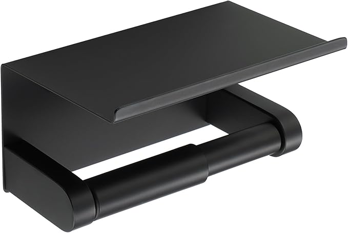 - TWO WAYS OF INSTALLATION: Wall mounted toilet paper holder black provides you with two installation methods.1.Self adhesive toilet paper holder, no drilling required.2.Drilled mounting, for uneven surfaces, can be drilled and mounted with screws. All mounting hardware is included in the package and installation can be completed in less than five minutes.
.....
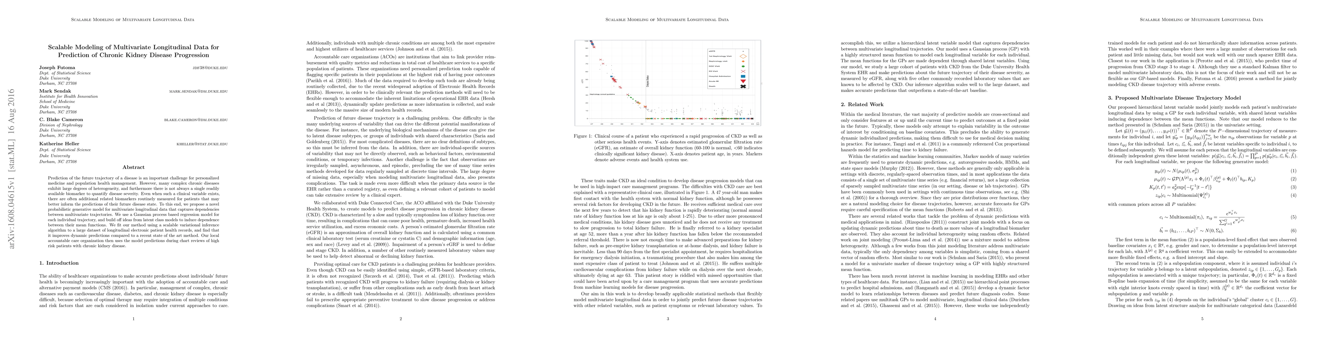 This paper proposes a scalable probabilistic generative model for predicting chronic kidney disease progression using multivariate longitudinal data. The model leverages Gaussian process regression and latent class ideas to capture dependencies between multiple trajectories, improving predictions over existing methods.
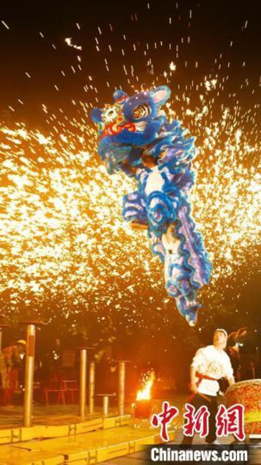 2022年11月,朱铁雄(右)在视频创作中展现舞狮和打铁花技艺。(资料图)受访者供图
.....
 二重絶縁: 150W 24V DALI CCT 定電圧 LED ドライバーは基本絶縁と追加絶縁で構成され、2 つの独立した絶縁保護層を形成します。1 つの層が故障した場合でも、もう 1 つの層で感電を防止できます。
.....
Task description: Extract from the material above the stretch running from the line containing "This paper proposes" through the line containing "2022年11月,朱铁雄(右". Keep the text exact and the pictures out.

Solution to this exercise:
 This paper proposes a scalable probabilistic generative model for predicting chronic kidney disease progression using multivariate longitudinal data. The model leverages Gaussian process regression and latent class ideas to capture dependencies between multiple trajectories, improving predictions over existing methods.
 2022年11月,朱铁雄(右)在视频创作中展现舞狮和打铁花技艺。(资料图)受访者供图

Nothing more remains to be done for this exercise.